THE PROBLEM ▸ Set down again exactly the lines of the listing below that fall between the line holding "ขอเชิญชวน กลุ่มนักวิจัย นักธุรกิจ" and the line holding "Nagy Veronika 2.a", inclusive.

MATERIAL SUPPLIED ▸
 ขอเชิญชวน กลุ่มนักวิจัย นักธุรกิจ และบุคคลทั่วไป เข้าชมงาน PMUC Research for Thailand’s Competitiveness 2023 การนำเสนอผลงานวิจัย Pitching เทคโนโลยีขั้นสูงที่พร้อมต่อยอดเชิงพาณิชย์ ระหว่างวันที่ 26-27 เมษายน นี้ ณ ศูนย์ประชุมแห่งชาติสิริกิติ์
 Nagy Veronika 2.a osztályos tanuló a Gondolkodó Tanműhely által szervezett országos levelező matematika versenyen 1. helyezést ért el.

* * *

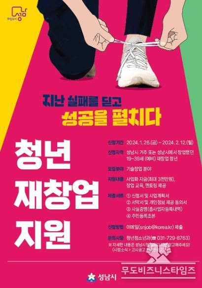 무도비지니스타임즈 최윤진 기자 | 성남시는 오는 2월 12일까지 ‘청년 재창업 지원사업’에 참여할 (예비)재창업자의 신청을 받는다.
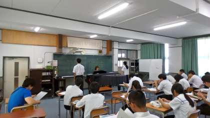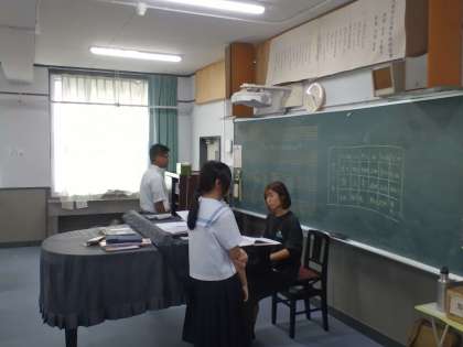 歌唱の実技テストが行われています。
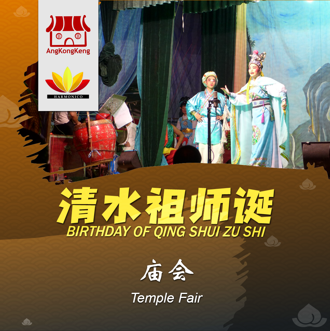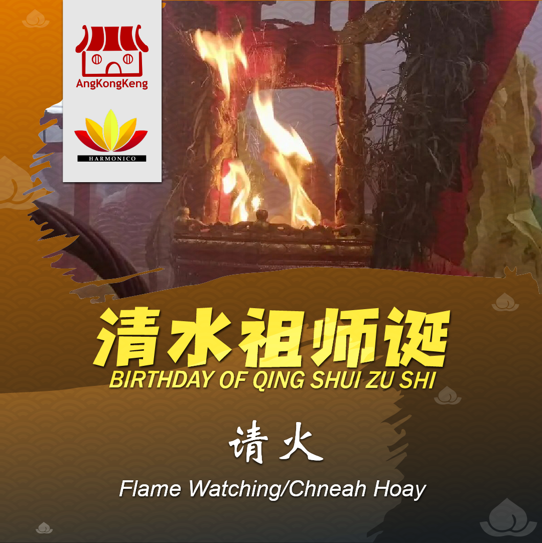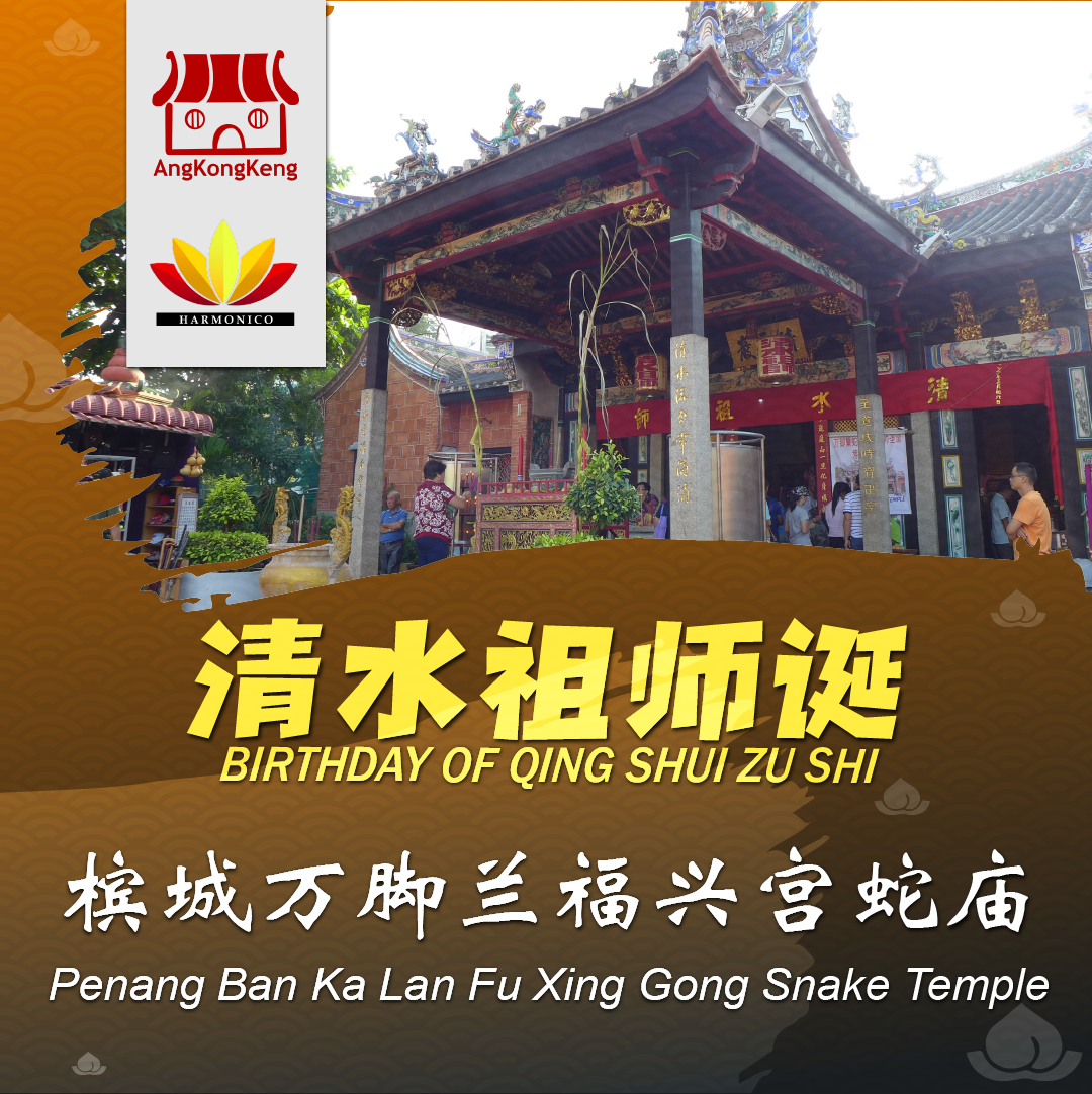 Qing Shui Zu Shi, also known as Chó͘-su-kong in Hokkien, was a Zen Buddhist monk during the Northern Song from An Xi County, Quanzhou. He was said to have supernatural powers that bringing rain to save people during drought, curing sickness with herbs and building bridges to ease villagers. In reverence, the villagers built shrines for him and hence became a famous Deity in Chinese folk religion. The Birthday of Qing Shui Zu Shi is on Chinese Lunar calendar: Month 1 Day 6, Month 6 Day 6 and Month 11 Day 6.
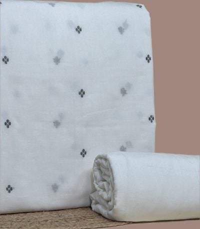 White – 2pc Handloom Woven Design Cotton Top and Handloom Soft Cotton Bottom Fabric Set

==

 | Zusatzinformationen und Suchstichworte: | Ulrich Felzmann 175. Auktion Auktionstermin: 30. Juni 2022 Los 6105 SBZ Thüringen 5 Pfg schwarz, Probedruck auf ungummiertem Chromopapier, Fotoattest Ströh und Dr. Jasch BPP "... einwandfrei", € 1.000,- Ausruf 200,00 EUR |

REPLY TO THE TASK ▸
 ขอเชิญชวน กลุ่มนักวิจัย นักธุรกิจ และบุคคลทั่วไป เข้าชมงาน PMUC Research for Thailand’s Competitiveness 2023 การนำเสนอผลงานวิจัย Pitching เทคโนโลยีขั้นสูงที่พร้อมต่อยอดเชิงพาณิชย์ ระหว่างวันที่ 26-27 เมษายน นี้ ณ ศูนย์ประชุมแห่งชาติสิริกิติ์
 Nagy Veronika 2.a osztályos tanuló a Gondolkodó Tanműhely által szervezett országos levelező matematika versenyen 1. helyezést ért el.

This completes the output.